The first rule of numpy: **AVOID LARGE FOR LOOPS** (instead, use [ufuncs](http://docs.scipy.org/doc/numpy/reference/ufuncs.html))

In [None]:
a = np.arange(1000)
%timeit a**2
%timeit [i**2 for i in a] #these yield identical answers

### searching and sorting

In [None]:
a = np.array([[4, 3, 5], [1, 2, 1]]) 
display(a)
b = np.sort(a, axis=1) #sorts each column independently; to sort row entries together use pandas
b

In [None]:
#but can do it using more complex dtypes
dt = np.dtype([('c1', np.float), ('c2', np.float), ('c3', np.float)])
z = np.random.rand(3,3)
z.dtype = dt
z

In [None]:
indices = np.argsort(z,axis=0,order='c1')
z[indices,:]

In [None]:
indices = np.argsort(z,axis=0,order='c2')
z[indices,:] # again, pandas is easier here.

In [None]:
#once sorted, can use fast search algorithms
x = np.random.randint(0, high=100, size=1000)
x.sort()
i = x.searchsorted(27)
print(i)

### Exercise 5
Write a function which sorts a 2d array by it's nth column.

### useful functions

In [None]:
a = np.arange(15).reshape(5,3)
b = np.arange(12).reshape(3,4)

display(a)
display(b)

In [None]:
np.dot(a, b)

In [None]:
a = np.arange(30).reshape(5,3,2)
b = np.arange(60).reshape(3,4,5)

display(a)
display(b)

In [None]:
np.einsum('ijk,jli', a, b)

In [None]:
# You can find most mathematical function. 
# For special functions, find them in `scipy.special`

x = np.linspace(0, np.pi*2, 101)
plt.plot(x, np.cos(x))
plt.plot(x, np.sin(x))

In [None]:
# dealing with bool array

a = np.random.randint(2, size=20).astype(bool)
display(a)
display(np.count_nonzero(a))
display(np.where(a))

In [None]:
# argsort

a = np.random.rand(10)

display(a)
display(a.argsort())

display(a[a.argsort()])

# note: to sort "in place", just do a.sort()

In [None]:
# argmax and unravel_index

a = np.random.rand(100)
display(a.argmax())

a = np.random.rand(100, 100)
display(a.argmax())
display(np.unravel_index(a.argmax(), a.shape))

In [None]:
# different ways to do histogram

a = np.random.rand(500)
bins = np.linspace(0, 1, 21)

display(np.bincount(np.searchsorted(bins, a)))
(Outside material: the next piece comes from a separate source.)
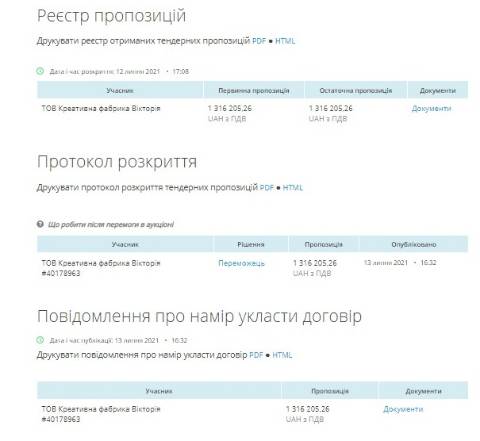Аукціон стартував 13 липня, участь у ньому взяла лише одна компанія – ТОВ "Креативна фабрика "Вікторія", що запропонувала відреставрувати пам'ятник за 1 316 205,26 грн. Її й оголисили переможцем торгів.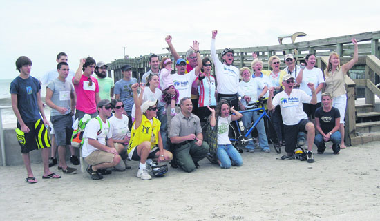 | Published November 26th, 2008 | 71-year old Biker Raises $78K Cross-Country Trek | By Andrea A. Firth |  | Bob Frick and friends celebrate his arrival, St. Augustine, Florida Photo provided

display(np.histogram(a, bins))

display(np.searchsorted(a, bins, sorter=a.argsort()))

### Task 

Given an 2-D int array, fill the 0th row and 0th column with 1, and the rest by the following rule:

    a[i,j] = a[i-1,j] + a[i,j-1]

In [None]:
# run this cell to see hints

hint = 'Pqv|{B\x125(_wzs(wv(wvm(zw\x7f(i|(i(|qum6(\x125(aw}/tt(vmml(i(v}ux\x81(n}vk|qwv6(Vw|({}zm(\x7fpqkp(wvmG(\\z\x81(z}v(hvx6twwsnwz0/k}u}ti|q~m/1h6'
print((np.array(map(ord, hint), np.int8)-8).tostring())

In [None]:
np.lookfor('cumulative')

## matplotlib

The easiest way to learn is to look at the [gallery](http://matplotlib.org/gallery.html)

In [None]:
fig, axes = plt.subplots(ncols=2, nrows=2)
ax1, ax2, ax3, ax4 = axes.flat

# scatter plot (Note: `plt.scatter` doesn't use default colors)
x, y = np.random.normal(size=(2, 200))
ax1.plot(x, y, 'o')

# sinusoidal lines with colors from default color cycle
L = 2*np.pi
x = np.linspace(0, L)
ncolors = len(plt.rcParams['axes.color_cycle'])
shift = np.linspace(0, L, ncolors, endpoint=False)
for s in shift:
    ax2.plot(x, np.sin(x + s), '-')
ax2.margins(0)

# bar graphs
x = np.arange(5)
y1, y2 = np.random.randint(1, 25, size=(2, 5))
width = 0.25
ax3.bar(x, y1, width)
ax3.bar(x+width, y2, width, color=plt.rcParams['axes.color_cycle'][2])
ax3.set_xticks(x+width)
ax3.set_xticklabels(['a', 'b', 'c', 'd', 'e'])

# circles with colors from default color cycle
for color in plt.rcParams['axes.color_cycle']:
    ax4.add_patch(plt.Circle(np.random.randn(2), radius=0.3, color=color))
ax4.axis('equal')

plt.tight_layout()
plt.show()

## Exercise Solutions
### Exercise 1

In [None]:
x = np.zeros(100, dtype=np.dtype([('stringcol', 'S200'), ('boolcol', bool)]))

### Exercise 2

In [None]:
x = np.zeros((8,8))
x[1::2, ::2] = 1
x[::2, 1::2] = 1
print(x)

### Exercise 3

In [None]:
z = np.random.rand(10,5)
x = z[np.arange(10),np.argmin(np.abs(z-0.66), axis=1)]

### Exercise 4

1. View
2. Copy

### Exercise 5

In [None]:
#slow
def maxn(x, n):
    return x[np.argsort(x)[-n:]]

#fast
def maxn(x, n):
    return x[np.argpartition(-1*x,n)[:n]]

maxn(np.random.randint(5,1000, 1000), 5)

### Exercise 6

In [None]:
a = np.zeros((6, 6), int)

for i, row in enumerate(a):
    if i ==0 :
        row[:] = 1
    else:
        row[:] = np.cumsum(a[i-1])